AR: I don’t think Krazy Fest means the same thing to two people. For me, it was a great personal accomplishment just to put the event together and watch it unfold. I went to my first music festival in Dayton, Ohio, and thought, “This is amazing. I can do this in Louisville.” I loved that I could help introduce thousands of people to some of the great bands I enjoyed so much. Music can play such a huge and influential role in a young person’s life.

Things were so different 15 years ago, so it was incredible to be able to see so much of what you love all at once during Krazy Fest weekend. I think it’s very different now. If you love Mastodon in 2011, you can watch 100 different videos on YouTube and buy every piece of Mastodon memorabilia in existence on the Internet. If you loved Mastodon in 2001, you had to hope they came and played in your town to see them live, or buy a T-shirt. Or you had to hope somebody had a decent VCR tape! It’s amazing how quickly things can change in 10 years.

 

LEO: Are events like this more important to you because of the musical acts performing, or the community aspect?

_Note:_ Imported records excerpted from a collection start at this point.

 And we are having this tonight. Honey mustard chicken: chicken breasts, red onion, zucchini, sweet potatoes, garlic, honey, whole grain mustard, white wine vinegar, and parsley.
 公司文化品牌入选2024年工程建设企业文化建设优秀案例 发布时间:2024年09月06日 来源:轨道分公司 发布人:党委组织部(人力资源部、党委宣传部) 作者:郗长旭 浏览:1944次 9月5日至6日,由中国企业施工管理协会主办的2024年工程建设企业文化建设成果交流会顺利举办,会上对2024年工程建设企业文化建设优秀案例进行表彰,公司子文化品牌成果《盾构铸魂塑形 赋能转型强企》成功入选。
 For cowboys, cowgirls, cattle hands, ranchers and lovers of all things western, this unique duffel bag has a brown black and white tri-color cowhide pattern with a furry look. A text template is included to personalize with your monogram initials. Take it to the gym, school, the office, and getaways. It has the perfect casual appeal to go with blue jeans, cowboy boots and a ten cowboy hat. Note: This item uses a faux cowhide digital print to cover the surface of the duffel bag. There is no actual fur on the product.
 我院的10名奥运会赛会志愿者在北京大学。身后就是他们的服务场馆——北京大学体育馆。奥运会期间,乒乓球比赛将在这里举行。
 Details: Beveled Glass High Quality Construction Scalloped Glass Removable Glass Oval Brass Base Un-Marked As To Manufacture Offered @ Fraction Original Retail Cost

AR: It was a big deal for the community; however, without the bands, it wouldn’t have been anything, so it really was a convergence of both. We never once booked a band unless we cared about them in one capacity or another. We even turned down major label sponsorship deals, because Krazy Fest was a labor of love, and watching shitty major label bands was exactly what Krazy Fest was not about. Initial was ingrained in the Louisville scene, and we did everything we could to help promote the bands from Louisville and the city of Louisville itself. We bought ads in the local fanzines, gave booth space to local businesses and even distributed a free map of the city with all of our favorite restaurants, record stores, tattoo shops, etc., highlighted in the hopes that the out-of-town visitors would take the opportunity to see the awesomeness of ear X-tacy or the Louisville Slugger Museum. Krazy Fest was its own little economy of scale, filling up local hotel rooms and restaurants. I even heard one year that ear X-tacy had their highest sales volume of the year during Krazy Fest weekend.

 

LEO: How do you get the mix of emo, metal, punk, etc. to flow smoothly? How much crossover do you think there is between fans of each band or genre?

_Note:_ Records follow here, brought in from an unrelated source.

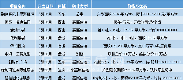 - 5月份是昆明樓市的一個開盤高峰期,不完全統計下來,有20多個項目開盤入市,爭相“拋售”住宅。6月份計劃開盤的項目有所減少,僅有融創春風十里海豚灣、華潤悅府、中海云麓九里、碧桂園北城映象、綠地滇池國際健康城等9個樓盤計劃開盤入市。其中,融創春風十里海豚灣推售的是公寓,單價預計9000-12000元/平方米,價格相對親民,其余已曝光預估價格的項目,單價都在萬元以上。
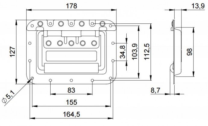 Adam Hall 34085 - это откидная обрезиненная ручка на плате глубиной 14 мм для вашего кейса или кофра . Она выполнена из оцинкованной стали с порошковым прокрытием, что обеспечивает прочность и долговечность изделия. Ручка легко устанавливается благодаря своему размеру. Вес ручки составляет всего 0,581 кг. Длина монтажного отверстия под клепки составляет 5,1 мм. В упаковке 40 шт.
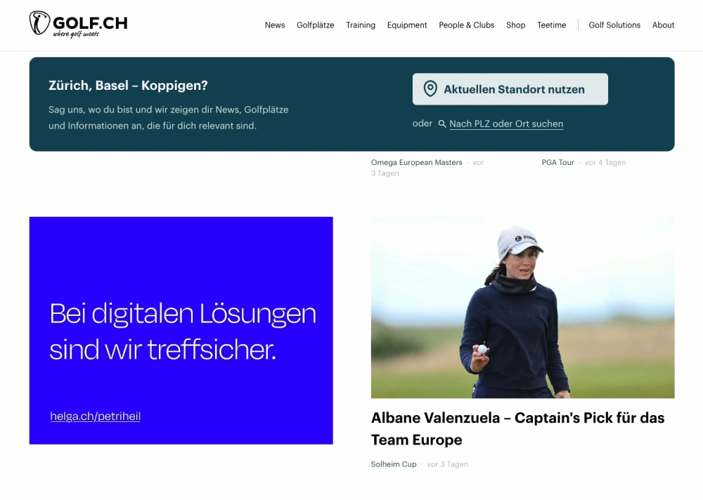 Golf.ch ist auch ein Online-Magazin für Golfreisen, -ausrüstung und -Lifestyle – aber vielmehr noch eine Plattform, die konsequent Mehrwert schafft: mit Golfplatz-Finder, lokalen Inhalten und regional ausgespielter Werbung.
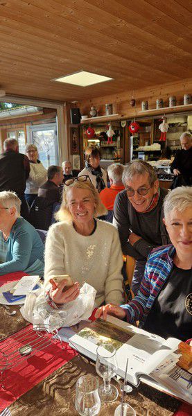 Nous sommes arrivés à midi au restaurant. Nous étions 19 autour d’une table conviviale, joyeuse et animée. Le repas était excellent, bien arrosé (et à volonté) !
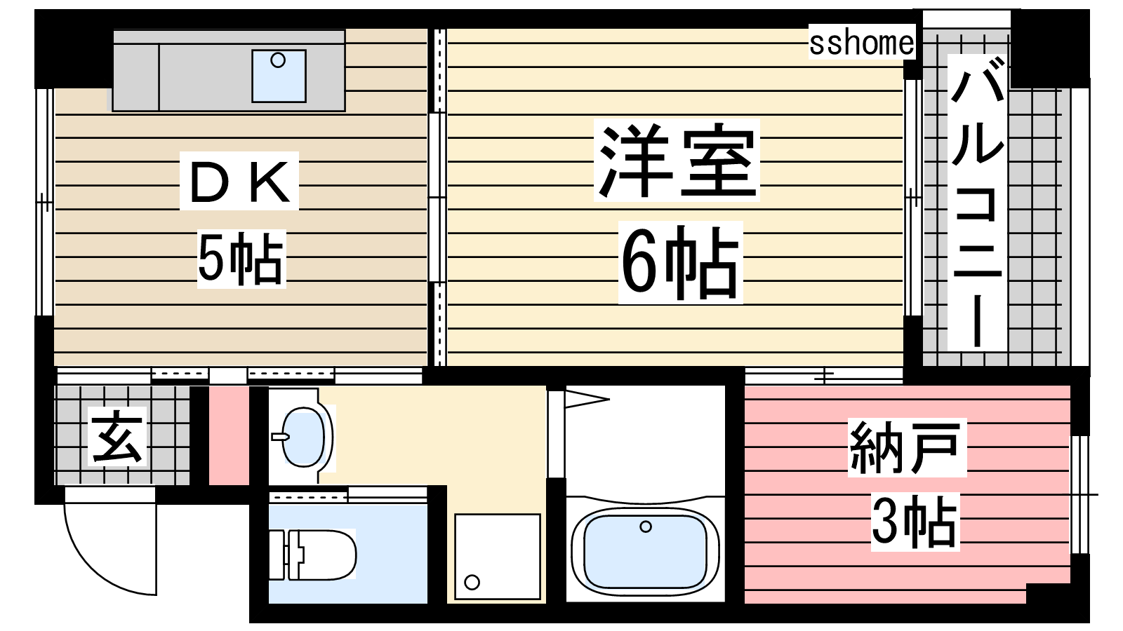 - 洋室6帖、S3帖、DK5帖
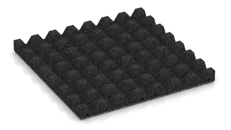 The tiles are made of PU-bonded rubber granulate with an elastic, slip-resistant surface. Thickness and density determine the level of shock absorption and the certified fall height according to EN 1177. The 50 × 50 cm format minimises cutting waste, and individual tiles can be replaced quickly if required.

AR: Our formula for picking the bands was a combination of many factors. First, it started with the bands on the label. Next, it was bands we loved, regardless of their popularity — bands myself and the other people involved with Initial and the fest wanted to see. After that, we made sure the local bands were represented as well. It was a given that the nationally known Louisville bands would be playing, but we also made it a point to include a couple of up-and-coming bands. And finally, we had to answer the question: Who do we love that could be the headliners, our anchors? That is where you get great bands like AFI, Jimmy Eat World, Avail, Thursday, Dillinger Escape Plan and the likes. Those bands are beloved for a reason.

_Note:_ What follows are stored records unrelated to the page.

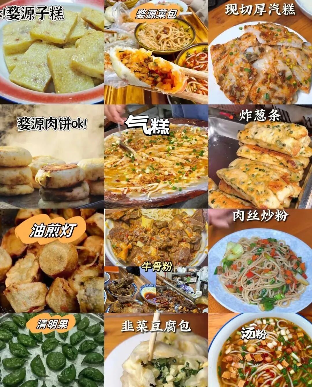 豆腐包、婺源米粉、汽糕、糯米子糕、中云肉餅
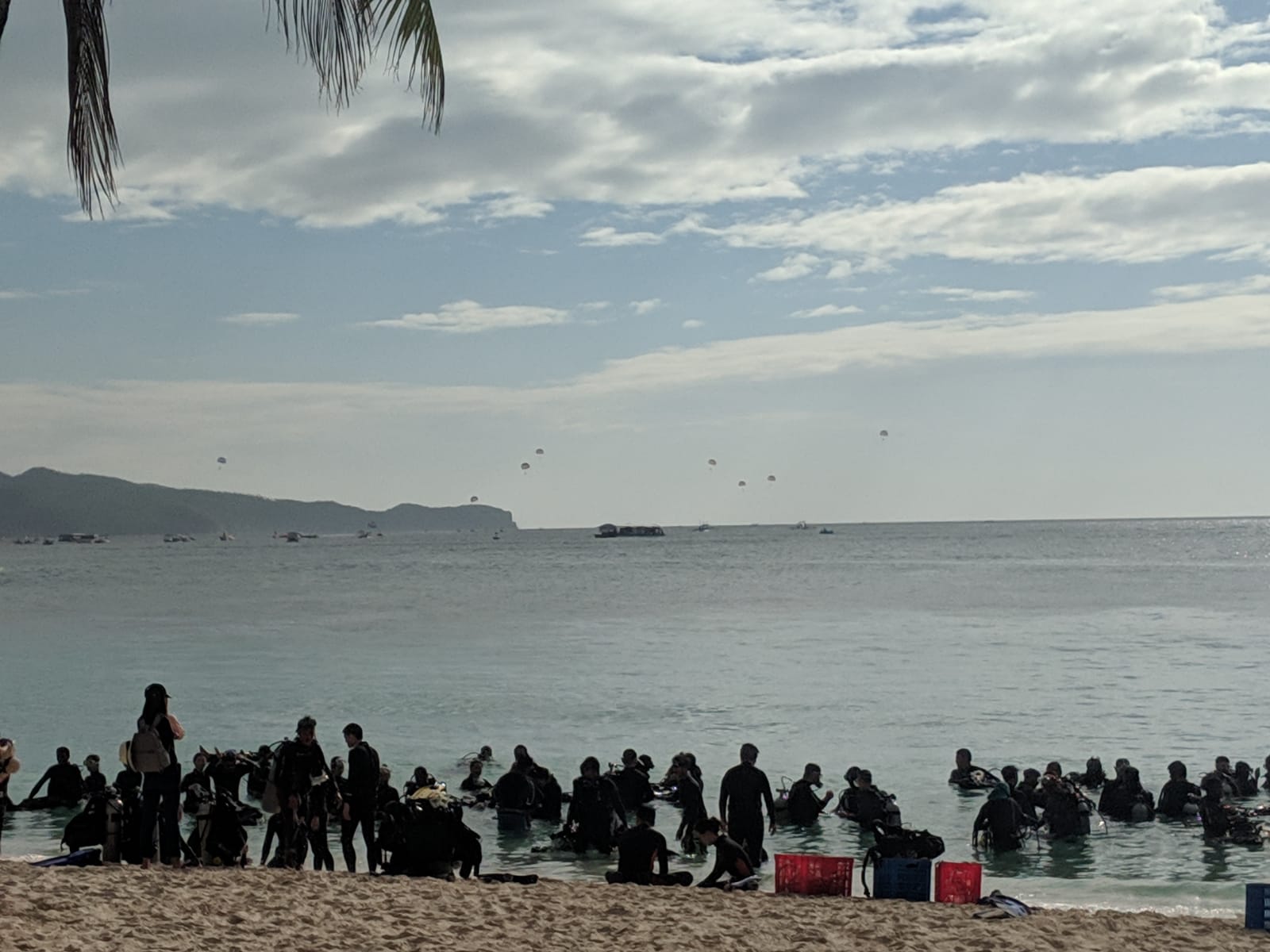 Finally, we couldn’t leave the Phillipines before visiting its hotspot: Boracay Islands! It’s the most famous island of the Phillipines and is absolutely crowded with tourists. I spotted at least 50 divers milling all together in the water.
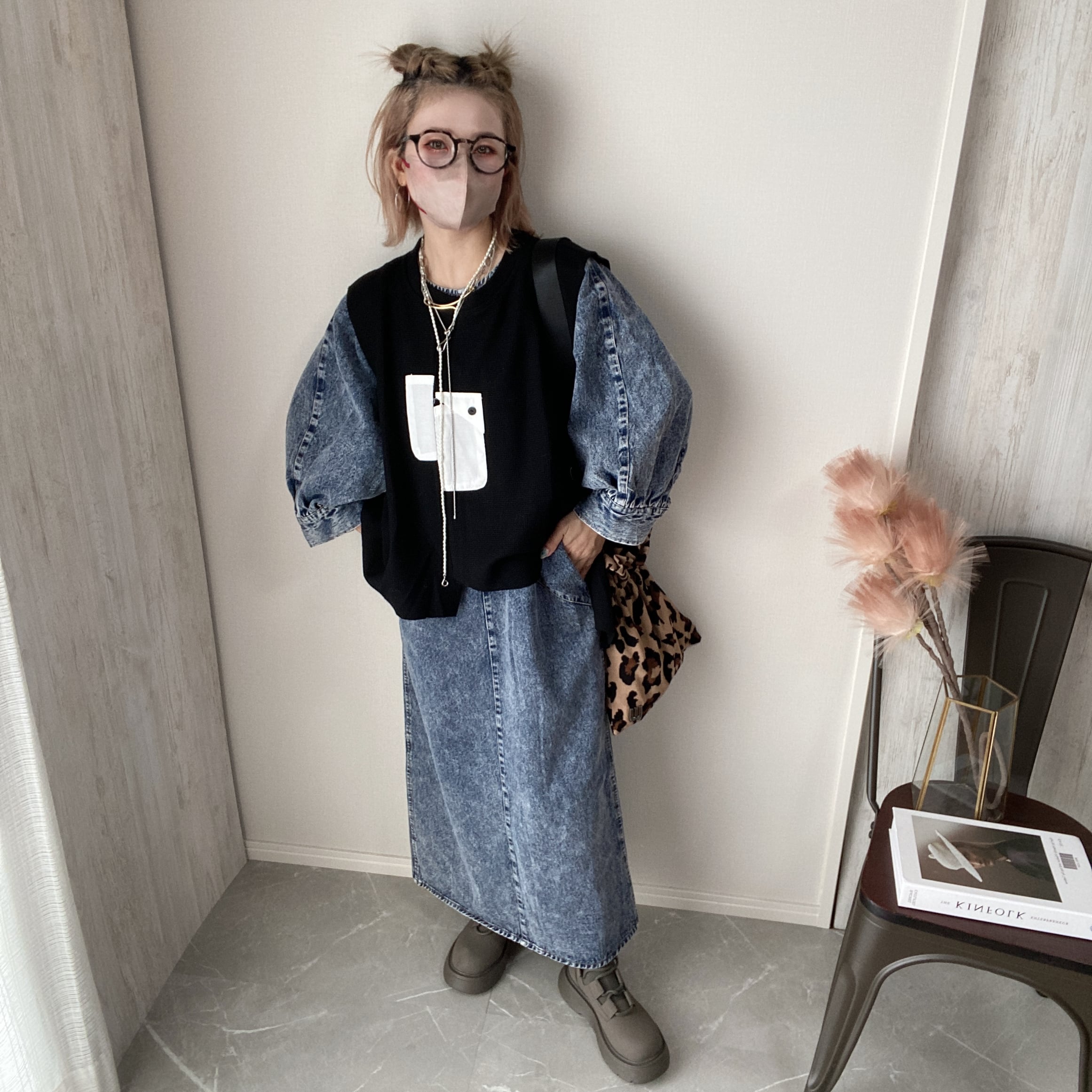 袖のないデザインなので、他のアウターとのレイヤードスタイルも楽しめます♪
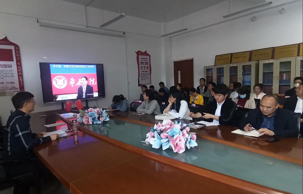 此次教研活动由伟德国际victor1946经理王满堂主持。全体专任教师首先学习了《伟德国际victor1946“班墨+”文化育人工程项目建设实施方案》,随后观看了山东教育电视台《教育1+1》栏目李文喜董事长的专访视频。教研活动紧紧围绕实施方案中的构建多学科“班墨+”课程体系,拓展多特色“班墨+”课堂教学体系,构建多样化“班墨+”文化育人体系,健全多层次“班墨+”实践活动体系以及打造“班墨+”卓越匠心人才培养机制进行了深入讨论。专任教师就如何结合专业、课程特色和课堂教学实际,不断深化课程改革、课堂教学改革开展“班墨+”文化育人工作纷纷发表了意见和建议。
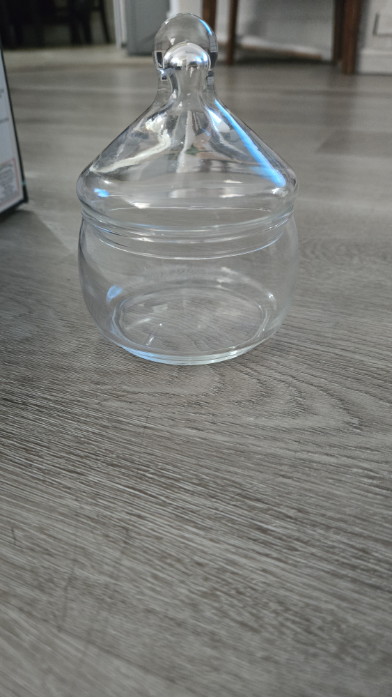 Selling a clear glass jar with a lid. It's in great condition and perfect for storing small items or using as a decorative piece! It has a classic design that would fit well in any home
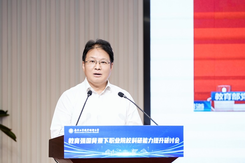 何学军作《聚焦区域发展战略,有组织开展职教科研工作》主旨报告。他深刻阐释了科技与产业融合创新的新趋势,重点分享了学校在营造科研生态、深化机制改革、加强协同创新、推动计划实施四个方面的探索实践。
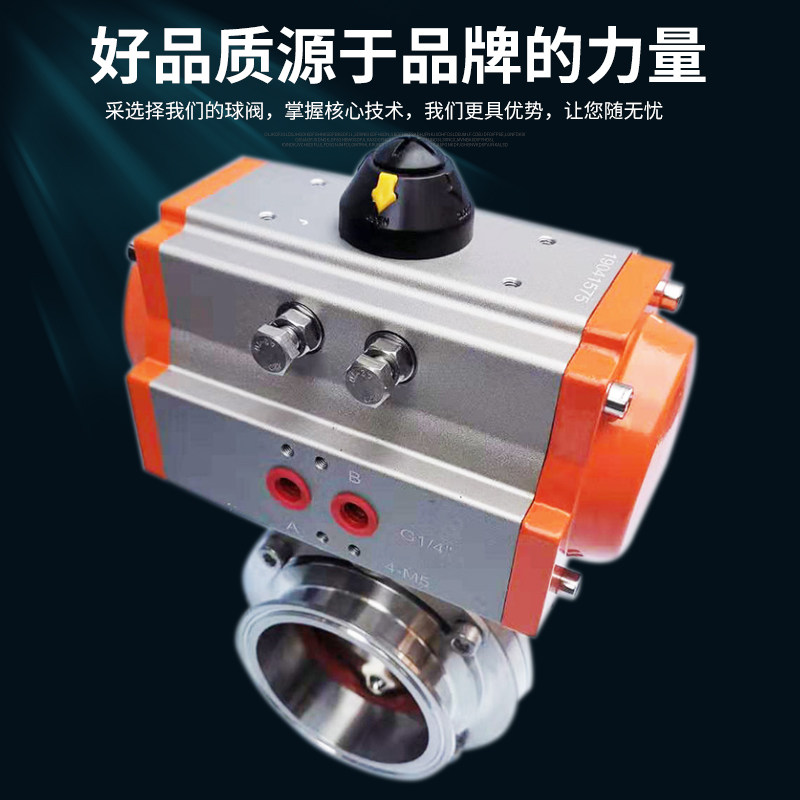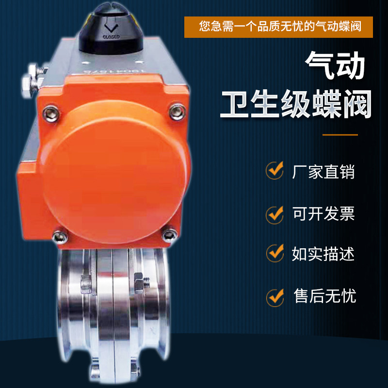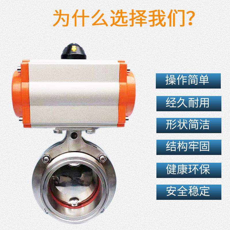Pneumatic sanitary stage fast-fit butterfly valve 304316 stainless steel Q681F bracket-free food grade clamp-type butterfly valve

After that, it was filling in a few blanks. We were fortunate that, however eclectic the line-up turned out, the festival always coalesced in the end. It’s pretty incredible to look back at older flyers and see Jimmy Eat World didn’t even headline, or that Dashboard Confessional was in the middle of the day. I guess you could say that, in the end, the whole was greater than the sum of its parts.

 

LEO: How important was including local bands, bands that don’t have records out nationwide yet?

AR: We made it a point to include at least one band every year that was from Louisville that was not yet nationally known. I remember sets from Red Sun, Out, Skam Impaired, Pflanz and the Glasspack. It was also the coming-out party for local bands that would go on to prominence, such as National Acrobat and Christiansen. I know there were a lot more local bands that would have liked the opportunity to play, but we had limited resources to work with. The last few years, there were always pre-Krazy Fest shows and parties featuring a lot of great local bands, and we did everything we could to support their efforts. Someday, one of those bands will emerge to be the next Endpoint, Elliott or Enkindels. As long as their name started with an “E.”